KP Artist Welcomed By Choctaw Nation

Posted

Irene Torres, KP News

"Sunshine and Fireflies," a portrait of the artist's daughter, Lily. Courtesy Adria Hanson.

Key Peninsula artist Adria Hanson will exhibit her work during the Choctaw Cultural Meeting at the Greater Tacoma Convention and Trade Center Aug. 5. The program will include an art show, pottery, ancient weaponry, stickball, social dancing, a beading class, a language lesson and Choctaw songs.

"The Native American population in the U.S. is eight-tenths of 1 percent. I am proud to be a Choctaw and proud that they want me to show my work. It’s wonderful to bring beautiful things for the people to see," Hanson said.

Hanson is an official registered artist of the Choctaw Nation of Oklahoma. "A thousand people came last year. They have a scout who looks at Choctaw artists and finds a few so they can come and show their work. In 12 years, this is the first time I’ve been called," she said.

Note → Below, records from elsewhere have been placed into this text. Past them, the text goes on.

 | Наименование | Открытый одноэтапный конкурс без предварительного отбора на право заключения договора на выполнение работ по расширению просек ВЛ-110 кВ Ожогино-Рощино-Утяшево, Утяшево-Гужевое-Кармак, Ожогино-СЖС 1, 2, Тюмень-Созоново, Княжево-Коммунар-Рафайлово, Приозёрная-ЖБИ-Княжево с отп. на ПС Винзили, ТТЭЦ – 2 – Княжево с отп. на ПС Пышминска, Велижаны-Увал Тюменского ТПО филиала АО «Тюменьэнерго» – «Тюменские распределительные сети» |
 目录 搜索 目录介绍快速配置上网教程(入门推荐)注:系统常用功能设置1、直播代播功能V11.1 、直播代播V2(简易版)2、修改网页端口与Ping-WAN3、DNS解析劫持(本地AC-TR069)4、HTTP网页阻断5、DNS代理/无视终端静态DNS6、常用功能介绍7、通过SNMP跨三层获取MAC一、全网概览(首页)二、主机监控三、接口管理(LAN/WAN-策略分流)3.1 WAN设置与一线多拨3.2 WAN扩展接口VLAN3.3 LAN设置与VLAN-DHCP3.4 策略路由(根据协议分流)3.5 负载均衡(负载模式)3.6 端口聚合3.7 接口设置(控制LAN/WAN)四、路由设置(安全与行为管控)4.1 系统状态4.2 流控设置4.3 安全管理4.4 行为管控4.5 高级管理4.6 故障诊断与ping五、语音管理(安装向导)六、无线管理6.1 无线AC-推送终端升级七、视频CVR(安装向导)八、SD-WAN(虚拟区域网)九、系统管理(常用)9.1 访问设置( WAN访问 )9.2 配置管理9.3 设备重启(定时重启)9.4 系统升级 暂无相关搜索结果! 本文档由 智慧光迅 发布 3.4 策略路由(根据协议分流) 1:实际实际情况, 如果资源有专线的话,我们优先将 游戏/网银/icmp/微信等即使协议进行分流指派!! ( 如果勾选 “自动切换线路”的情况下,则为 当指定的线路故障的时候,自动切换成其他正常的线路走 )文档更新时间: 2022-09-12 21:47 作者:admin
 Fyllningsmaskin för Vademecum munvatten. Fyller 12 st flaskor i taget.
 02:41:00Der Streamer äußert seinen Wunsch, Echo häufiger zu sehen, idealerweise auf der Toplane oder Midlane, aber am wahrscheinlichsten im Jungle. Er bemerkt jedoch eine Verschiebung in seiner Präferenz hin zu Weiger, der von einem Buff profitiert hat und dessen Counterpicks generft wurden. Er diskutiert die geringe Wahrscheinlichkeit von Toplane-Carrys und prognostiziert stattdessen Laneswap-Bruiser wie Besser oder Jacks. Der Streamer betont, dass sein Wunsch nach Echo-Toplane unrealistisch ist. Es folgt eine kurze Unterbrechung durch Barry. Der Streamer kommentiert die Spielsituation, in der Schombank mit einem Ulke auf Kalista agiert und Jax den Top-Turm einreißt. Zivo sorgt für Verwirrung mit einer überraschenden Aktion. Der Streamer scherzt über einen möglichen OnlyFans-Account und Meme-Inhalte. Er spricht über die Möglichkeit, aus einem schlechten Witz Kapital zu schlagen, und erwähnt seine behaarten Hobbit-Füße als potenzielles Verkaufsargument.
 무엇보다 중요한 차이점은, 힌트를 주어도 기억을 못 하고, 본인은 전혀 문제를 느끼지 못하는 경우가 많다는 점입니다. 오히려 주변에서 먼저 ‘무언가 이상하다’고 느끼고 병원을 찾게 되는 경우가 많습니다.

Hanson is one-eighth Cherokee and one-sixteenth Choctaw. She has resisted marketing herself as a Native artist since she considers her work mainstream. But after being encouraged by her husband, "It is starting to get into my heart, to be proud," she said. "I am starting to realize how much of a passion I have about the Native American culture."

Hanson earned a bachelor’s degree in fine art and a minor in anthropology from Oklahoma University  with support from the Choctaw Nation. She also studied for two months in Florence, Italy. "That changed everything," she said. "I realized what teachers were not teaching, so I taught myself."

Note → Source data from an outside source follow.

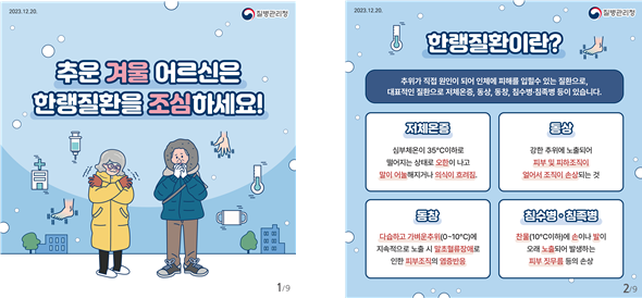 질병관리청 지영미 청장은 “한랭질환은 사전에 적절한 조치로 사고를 방지할 수 있으므로 한파 대비 건강수칙을 준수해 줄 것”을 당부하며 특히 “한파에 취약한 65세 이상 어르신과 노숙인, 독거노인 등 취약계층에 대해 각별한 관심이 필요”하다고 거듭 강조했다.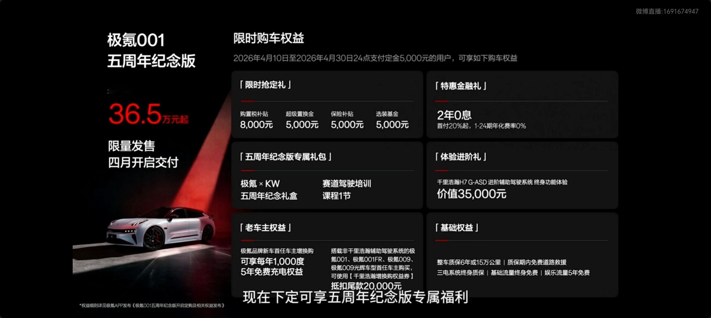 对了,极氪001五周年纪念版也来了:36.5万起,四月下旬交付。Thor-U芯片、千里浩瀚H7、680km续航、零百2.91秒、925马力,原厂KW绞牙避震,碳纤维大尾翼+黑曜红内饰,属于性能控的终极礼物!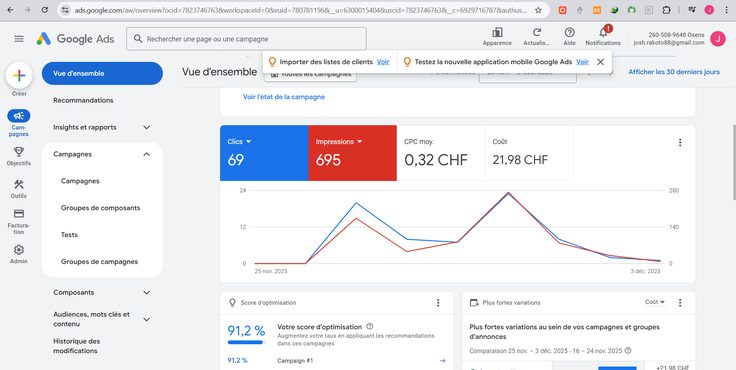 Prospection digitale et génération de leads : recherche de prospects qualifiés, envoi de campagnes email ciblées, gestion des contacts et démonstration de valeur via des audits de sites avec SimilarWeb pour convertir les prospects en clients. -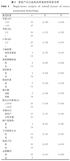 Single-factor analysis of related factors of severe postpartum hemorrhage

She favors oils and watercolors, but has also painted frescoes and does some acrylic painting. Hanson shares her skills with local schools through Two Waters Arts Alliance and recently taught students to make headbands and a shield from an embroidery hoop.

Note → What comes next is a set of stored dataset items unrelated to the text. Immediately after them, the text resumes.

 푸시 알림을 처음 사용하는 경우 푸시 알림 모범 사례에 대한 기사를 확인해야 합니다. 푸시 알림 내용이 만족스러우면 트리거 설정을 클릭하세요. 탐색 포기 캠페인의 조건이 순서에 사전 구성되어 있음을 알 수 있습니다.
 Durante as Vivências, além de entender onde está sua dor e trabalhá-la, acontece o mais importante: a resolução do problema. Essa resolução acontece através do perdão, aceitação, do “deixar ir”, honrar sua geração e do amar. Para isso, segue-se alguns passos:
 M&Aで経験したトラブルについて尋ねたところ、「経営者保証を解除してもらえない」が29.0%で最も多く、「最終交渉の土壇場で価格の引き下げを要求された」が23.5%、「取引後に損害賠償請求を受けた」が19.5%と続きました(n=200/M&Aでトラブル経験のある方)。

Hanson paints about 15 hours a week, "from 9 p.m. until 11 p.m., when everyone is asleep," she said. "Then I have to get into an 'art' frame of mind. I listen to jazz or podcasts about art." She said some commissioned paintings, like the portrait of a Choctaw chief she painted in 2006, can take a year to finish. "I like to put in a lot of detail," she said.

The Hansons are raising their three children in a home they built on 20 acres above Carr Inlet at the south end of the Key Peninsula. She teaches private art classes for 5- to 10-year-olds, a class for adults in acrylic portraiture, Van Gogh-style painting workshops, plein air painting and other classes for children ages 7 and up. Her goal is "to teach more classes, hold art events and do more plein air painting," she said. But she is also focused on her children, whom she will homeschool next year.

"It’s easier when you have time to focus on painting and on marketing," Hanson said. "Artists need to take classes on how to sell themselves. I don’t think I know any artists who are good at that. We need a place for KP artists to sell their work."